General information
- Type: High performance sailplane
- National origin: United Kingdom
- Designer: W. E. Hick
- Number built: 1

History
- First flight: 2 February 1936

= Hick Merlin =

British single-seat glider, 1936

The Hick Merlin was a high performance small sailplane built in the United Kingdom in the mid-1930s. It was a wooden, single seat, parasol wing aircraft. Only one was built.

==Design and development==
The Merlin, originally known as the Kestrel, was designed and built by W. E. Hick of the Newcastle Glider Club. It took three years to complete, first flying on 2 February 1936 from the Club's Moat Law site.

It was a wooden single seat high performance glider with a parasol wing of three parts. The long outer panels were continuously tapered and the centre section had an uncovered strip above the fuselage, with the open cockpit not far below the underside of the wing. The wing was braced by a single lift strut on either side from the bottom of the fuselage to the outer centre section, assisted by flying wires. The ailerons reached to the wing tips where the whole wing surface rotated, the leading edge acting as an aerodynamic balance; there were no flaps or airbrakes.
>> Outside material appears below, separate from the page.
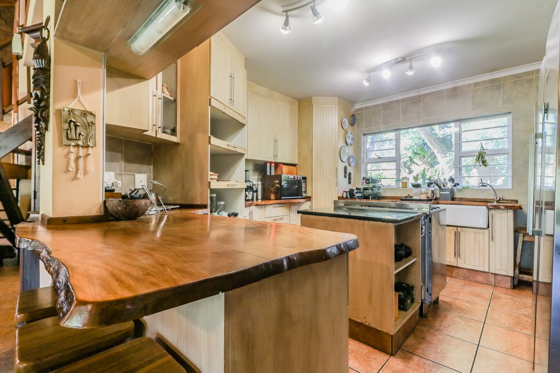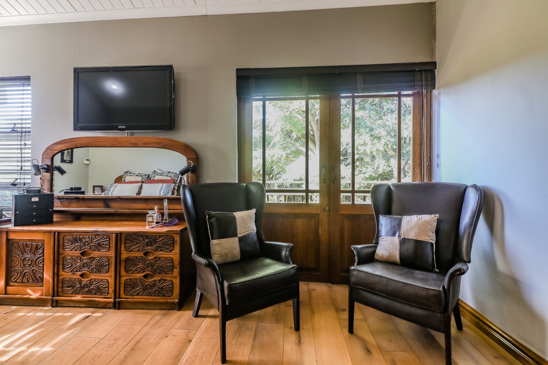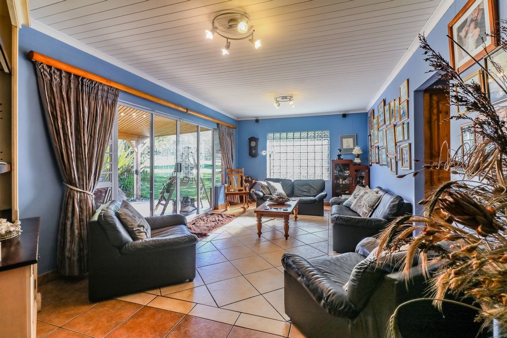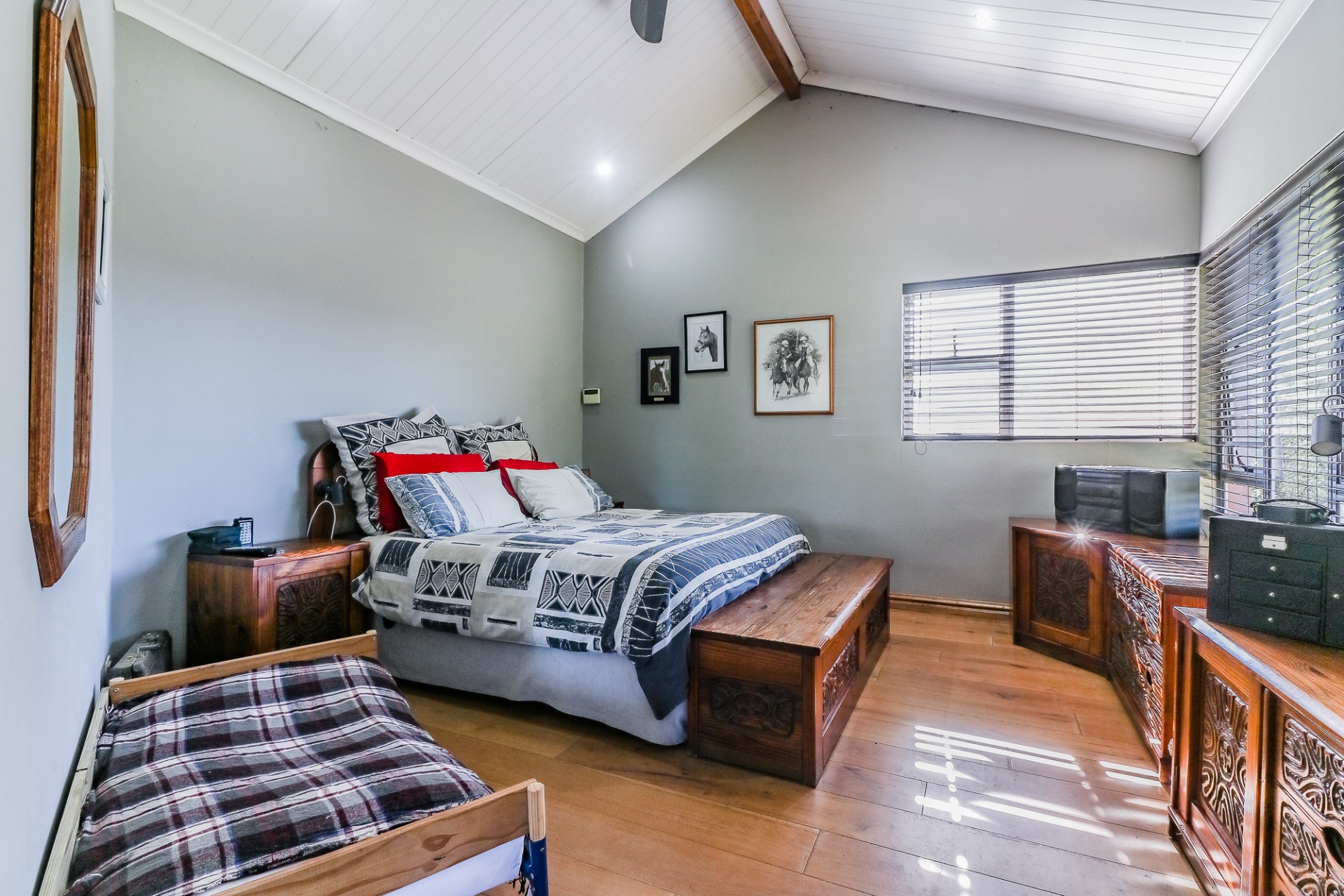 The pub, open plan dining room & lounge with feature fireplace offer warmth, charm & opens onto a deep all weather verandah with built braai. Accessed via large sliding glass doors, It runs the entire length of the house & extends onto the garden with pool & feature waterfall.
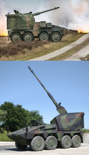 En este caso es una versión ATP de la Krauss-Maffei Wegmann (KMW) de 155 nada menos que con la torre del PzH 2000 sobre el chasis de un GTK 8x8 Boxer con un cañón 155 mm/L52 del PzH 2000 que se designa RCH 155, con una velocidad de disparo de 6-8 disparos por minuto y un alcance de 54 km, y que como podéis ver en la imagen, la torre es otro módulo de quita y pon.

The fuselage was rounded and tapered towards the rear. The tail surfaces had straight leading edges and curved trailing edges; the rudder was described as "automatic". The Merlin landed on a simple central skid which ran along the fuselage underside from the nose to below the wing trailing edge, assisted by a tailskid.

==Operational history==
Apart from the first flight, the activities of the Merlin seem not to have been recorded. It was tailored around its owner and seems not to have suited other pilots, ending up on the club bonfire.